Странствия Франца Штернбальда
Шрифт:
Свечерело, прекрасное небо в удивительном многоцветье облаков заблистало над ними.
— Взгляни, — продолжал Рудольф, — ежели бы вы, художники, могли изобразить такое, то я охотно обошелся бы без ваших жалостных историй, ваших патетических и путанных картин с их бессчетными фигурами. Душа моя наслаждалась бы этими резкими красками без связи и смысла, этими видениями с золотой инкрустацией, и не надо мне ни сюжета, ни патетики, ни композиции и что там вы еще придумали, только бы вы могли розовым ключом отворить мне, как делает сейчас добрая мать-природа, родину детских предчувствий, блистательную страну, где в зеленом и лазурном море резвятся золотые мечты, где светлые образы бродят меж огненных цветов, простирают к нам руки, которые нам так хочется прижать к своему сердцу. О друг мой, ежели бы вы умели выразить своим искусством ту музыку, какую мы видим сейчас на небе! Но у вас нет таких красок, и увы, смысл в его обыденном значении — непременное условие живописи.

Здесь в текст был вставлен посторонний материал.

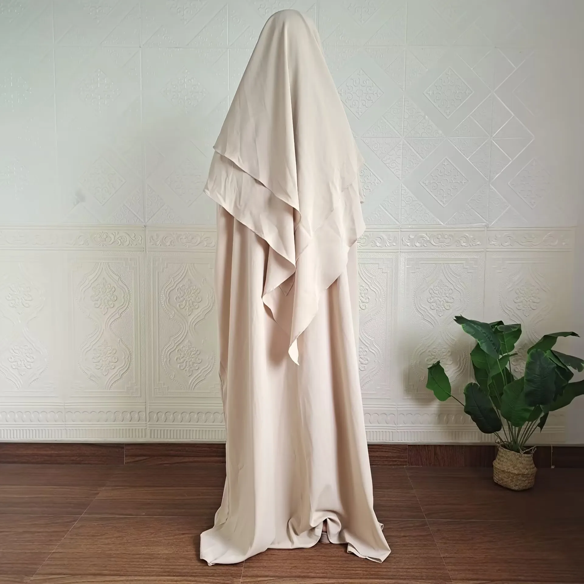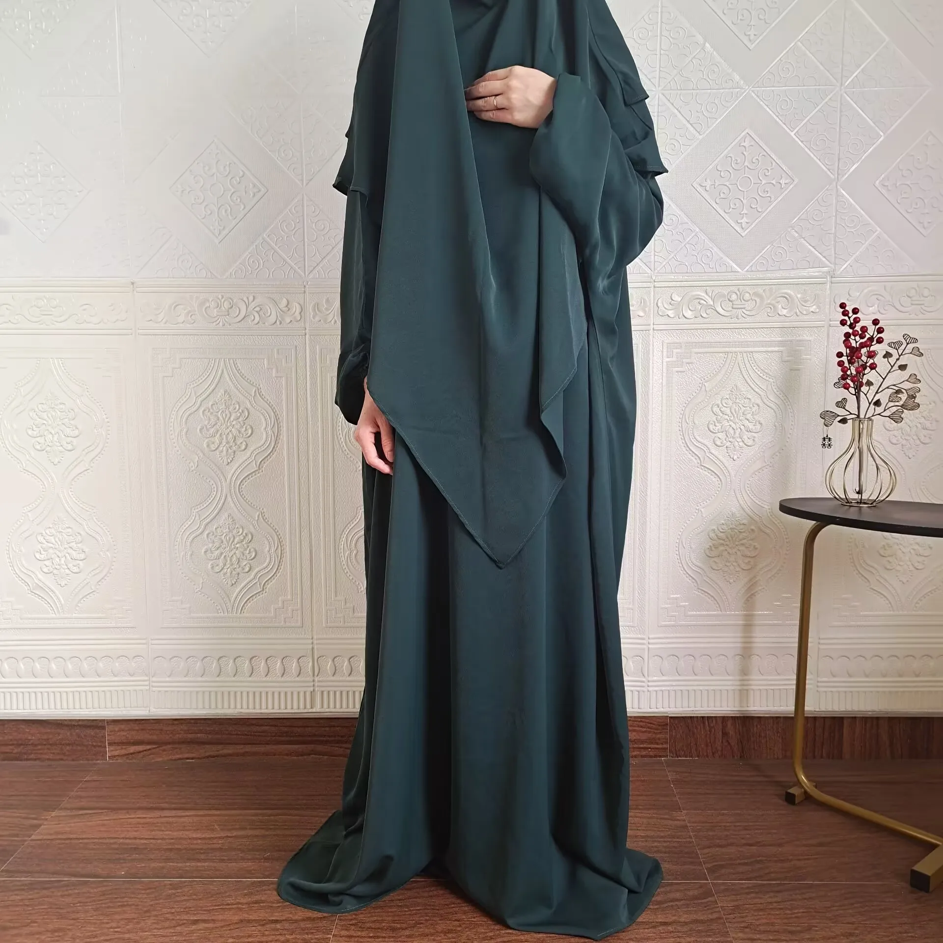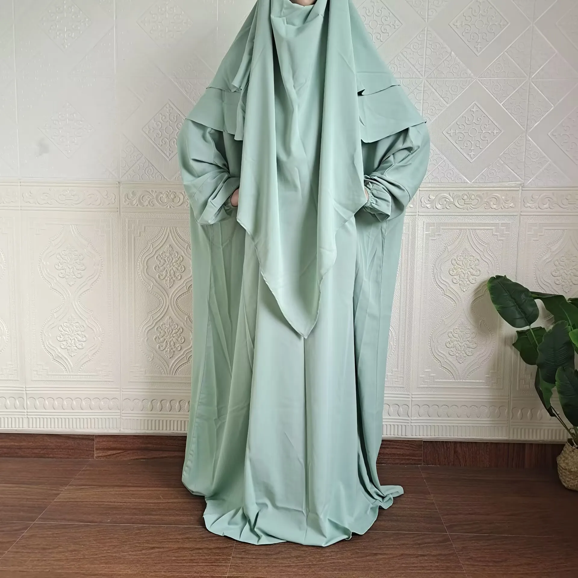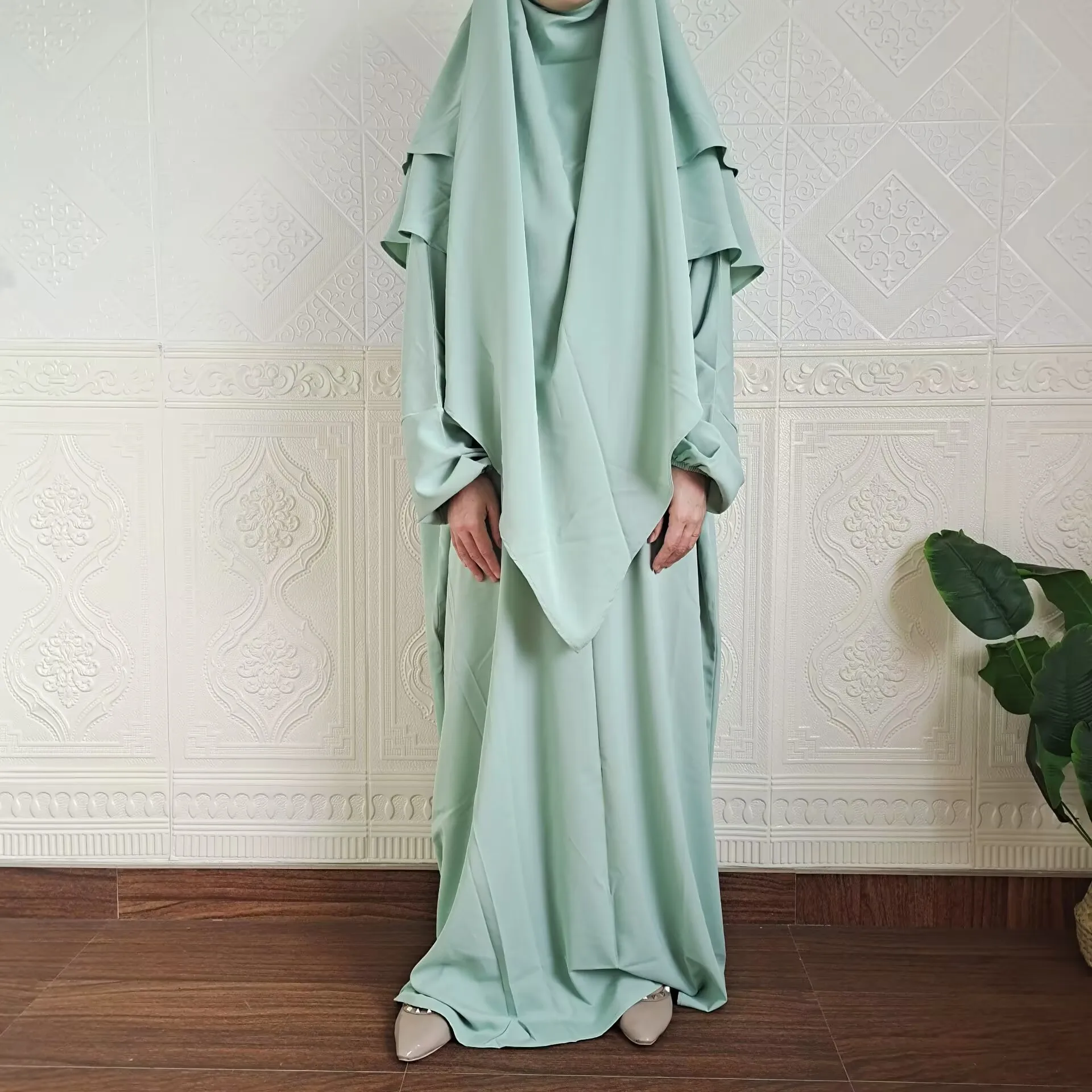 Eid Abaya Dress for Woman 2 Piece Set +Long Khimar Niqab Ramadan Women Prayer Party Arabic Robe Caftan Vestido Kaftan

— Я понимаю, что ты имеешь в виду, — ответил Штернбальд, — и пока мы говорим, прелестные краски неба тускнеют и исчезают. Когда ты играешь на арфе, ты стараешься пальцами извлечь звуки, родственные твоим мечтаниям, так что звуки и мечтания узнают друг друга и, обнявшись, словно бы на крыльях ликования, все выше возносятся к небесам, и ты часто говорил мне, что музыка — первейшее из искусств по своей непосредственности и смелости, что лишь ей достает мужества выговорить все, что ей поверяют, другие же искусства лишь наполовину выполняют возложенную на них миссию, умалчивая о самом главном; и я нередко соглашался с тобой, но, друг мой, я все же думаю, что поэзия, музыка и живопись часто оказываются равны, более того, каждая своими средствами достигают одного и того же. Правда твоя, совсем не обязательно, чтобы именно сюжет, событие всколыхнуло мне душу; более того, я даже не берусь утверждать, что именно на этом пути снискало наше искусство прекраснейшие лавры: но вспомни сам всю чудесную кротость тех «святых семейств», которые сами же мы с тобой видели; не заключено ли в некоторых из них бесконечно много музыки, как ты это называешь? Не открывается и не выражается ли в них с детской непосредственностью религия, благость и поклонение высочайшему? Глядя на них, я думал не просто о фигурах, и композиция была для меня чем-то второстепенным, — даже и выражение их лиц в той мере, в какой я связывал его с данным сюжетом, с изображенными обстоятельствами. В таких случаях художник может обратиться к воображению, не подготовив его заранее при помощи сюжета и взаимоотношений действующих лиц. Но особенно пригодны для этого пейзажи.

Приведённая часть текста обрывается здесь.